The Nancy Brown Peace Carillon is octagonal in cross-sectional shape, 98 ft in height, and located near the band shell on Belle Isle. Designed by the architectural firm of Harley, Ellington, and Day, the tower is neo-Gothic in design; according to the American Institute of Architects, its appearance is "at once stately and cheerfully unpretentious". The carillon was completed at a total cost of approximately $60,000;
the money was raised entirely by donations from Brown's Detroit News readers and related fund-raisers, and the tower was completed without expense to the city. It was dedicated during the seventh annual Sunrise Service on June 16, 1940, which was attended by roughly 50,000 people. The first concert at the Nancy Brown Peace Carillon was held on Independence Day, July 4, 1940, and featured American patriotic music such as "America the Beautiful", the "Battle Hymn of the Republic", and "The Star-Spangled Banner". The very last penny to cover the carillon's cost of construction was donated on December 7, 1941, the day of the attack on Pearl Harbor. Brown continued writing her column, titled "Experience", until January 1942, and she retired from The Detroit News the following month. She died in Detroit on October 7, 1948, at the age of 77, and was buried at Oakview Cemetery in Royal Oak.

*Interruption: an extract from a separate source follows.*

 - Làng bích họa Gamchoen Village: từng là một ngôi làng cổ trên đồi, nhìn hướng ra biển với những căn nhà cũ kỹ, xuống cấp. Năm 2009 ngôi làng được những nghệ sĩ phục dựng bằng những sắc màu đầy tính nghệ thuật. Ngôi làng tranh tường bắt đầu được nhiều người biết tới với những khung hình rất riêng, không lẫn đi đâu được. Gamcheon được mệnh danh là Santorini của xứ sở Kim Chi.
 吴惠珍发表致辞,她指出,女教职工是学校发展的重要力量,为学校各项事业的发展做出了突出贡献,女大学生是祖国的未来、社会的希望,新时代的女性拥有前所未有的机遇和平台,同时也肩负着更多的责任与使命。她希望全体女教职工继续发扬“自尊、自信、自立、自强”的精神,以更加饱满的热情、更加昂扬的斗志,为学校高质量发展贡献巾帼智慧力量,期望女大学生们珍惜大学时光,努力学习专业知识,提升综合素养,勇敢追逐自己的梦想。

The tower was originally intended to feature bells; because of their prohibitive cost, it was instead built to simulate bells using an organ and amplifier. By 1970, the carillon had ceased playing music due to damage caused by pigeons, while some of its stained glass windows had been destroyed by vandalism. That year, while Detroit faced a $22.5 million deficit, then-current general superintendent of the city's Department of Parks and Recreation, John May, observed that "we haven’t got the money to repair it". In 1974, the Parks and Recreation Department voiced its hopes to replace the organ and amplifier with an 8-track system that would play recordings of carillon bells; at the same time, the Friends of Belle Isle endeavored to purchase and install real bells in the carillon, which would have cost approximately $100,000. New chimes were ultimately installed in the carillon in 2003.

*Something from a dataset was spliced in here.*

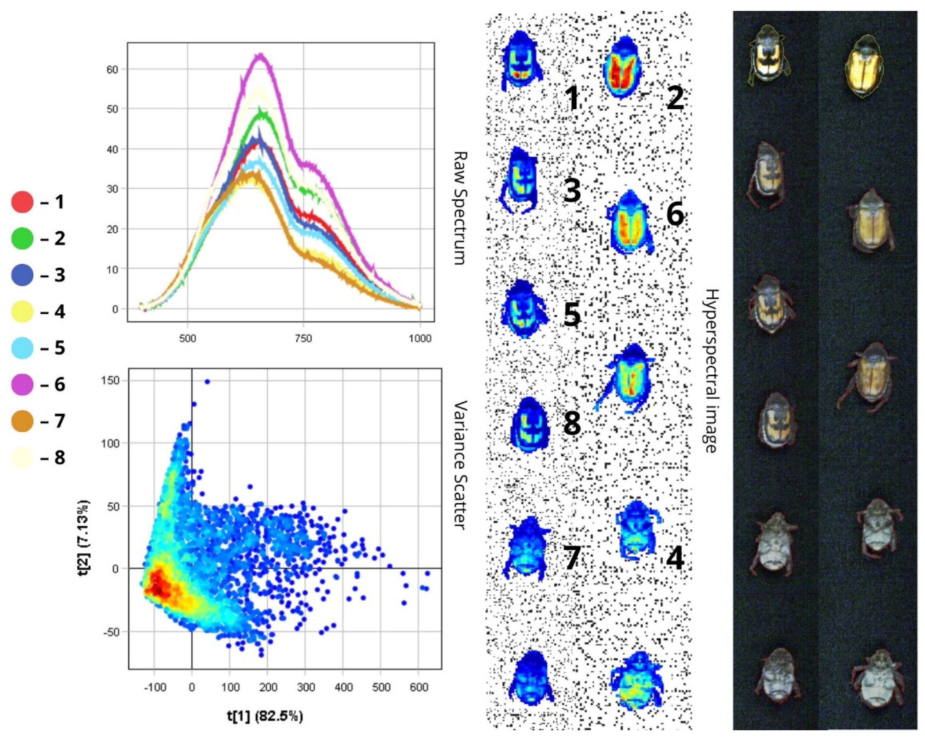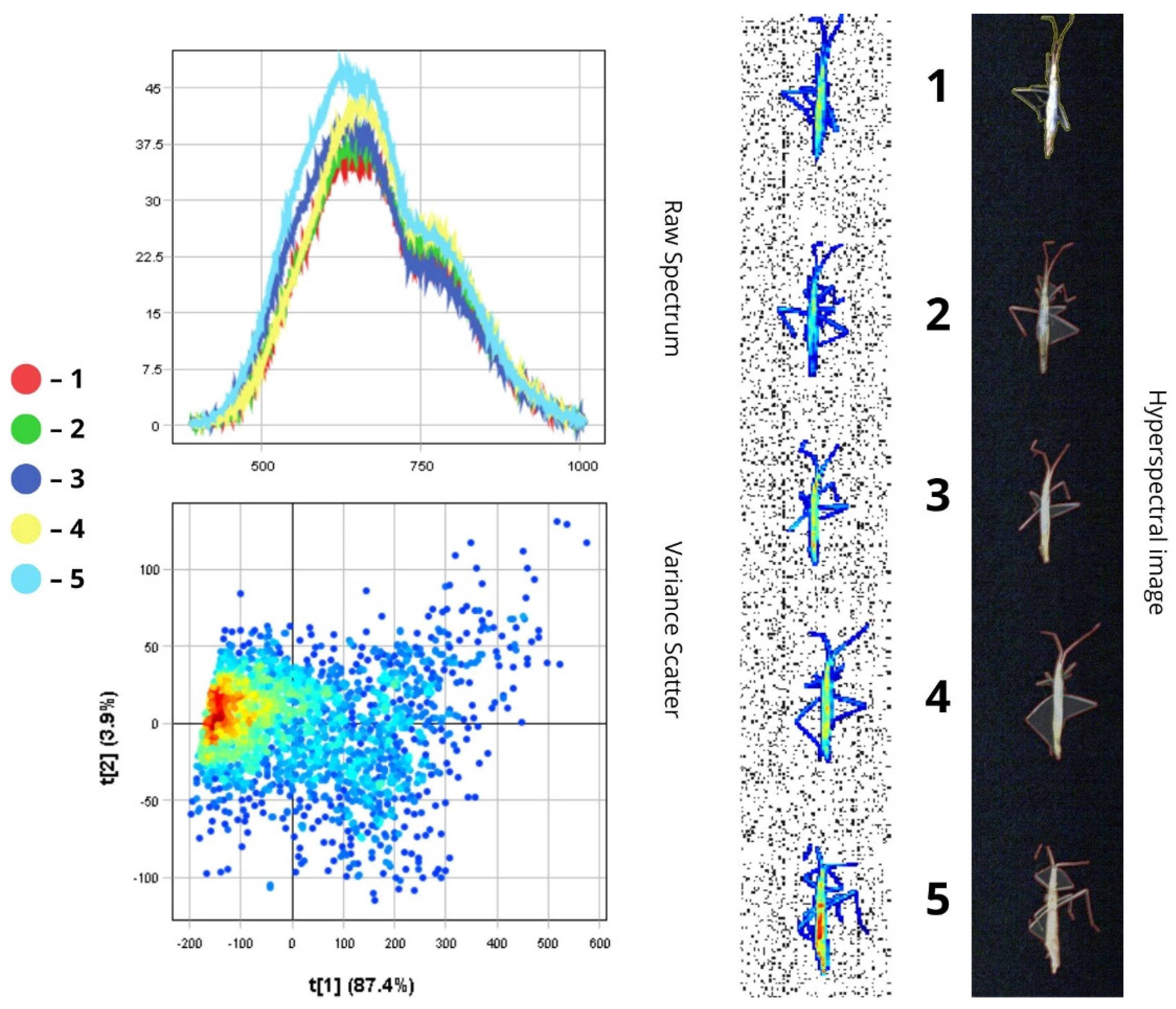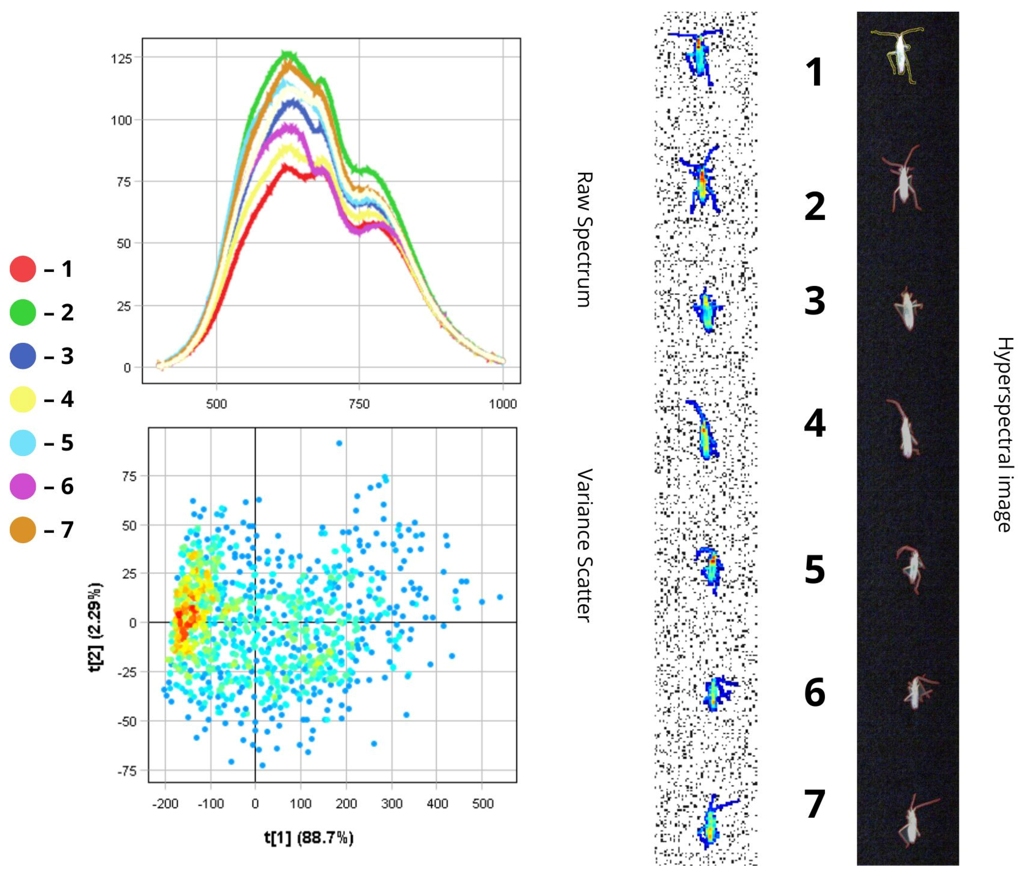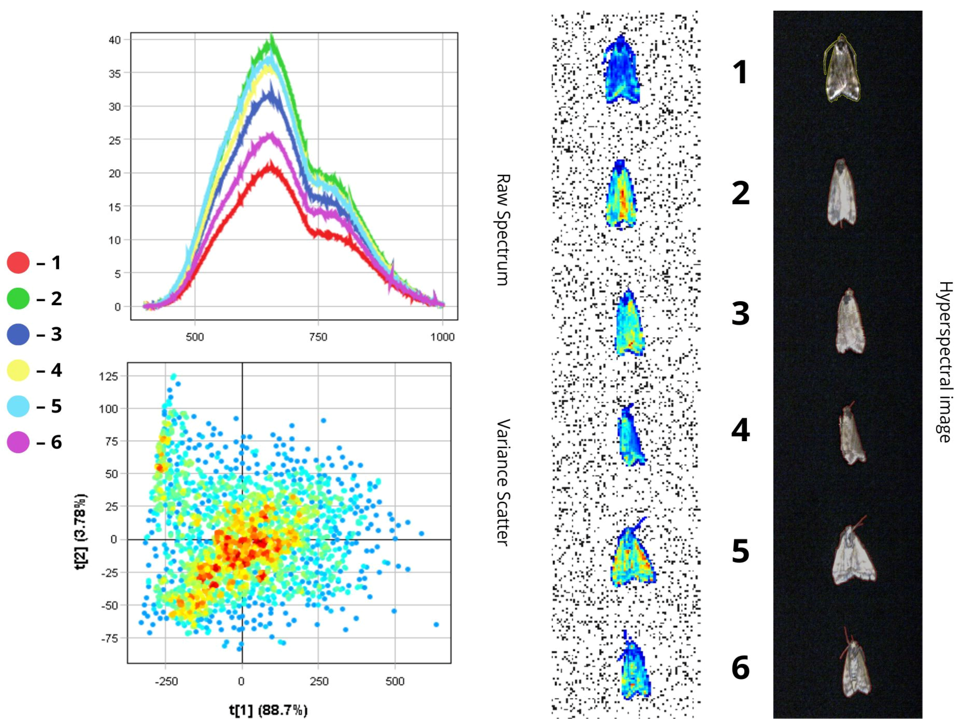To analyse the spectral characteristics of insect samples, we used the Pixel Explore tool. This tool allows us to interactively select areas directly on the hyperspectral image by using a PCA variance scatter plot. After selecting a region, the sample is added to the training dataset and labelled accordingly. The visualisation interface includes three main parts: Raw Spectrum—shows light reflectance across different wavelengths (up to 1000 nm) for each insect sample; Variance Scatter plot—displays how individual pixels are distributed along two principal components (t[1] and t[2]) that capture the main spectral differences; Max Variance image—highlights the image area with the most spectral variation. In the scatter plot, each dot represents a single pixel from the image. Dots that are close together indicate similar spectral properties. The colour of the dots reflects pixel density—red means more pixels with similar characteristics. The first principal component (t[1]) captures the most noticeable differences between spectra and is useful for grouping insects with similar spectral traits. The second component (t[2]) picks up on variations in surface texture and fine morphological features. The Max Variance image, automatically generated by the Breeze software (version 2024.2.0), is essentially a snapshot of the hyperspectral data at the wavelength where the differences between samples are most distinct. This helps to identify quickly the most informative regions for further analysis.

By 2012, the Nancy Brown Peace Carillon had been automated and was playing music daily. However, by 2013, local writer John Gallagher said it had suffered from both neglect and vandalism for an extended period of time, and that it was in need of maintenance. In remembrance of the 50th anniversary of the 1967 Detroit riot, an event entitled "67 Seconds of Peace" was held at the carillon in September 2017. It was led by Church of the Messiah pastor Barry Randolph and also featured a reading of "Poem for Belle Isle" by author Marsha Music as well as a presentation by historian Jamon Jordan.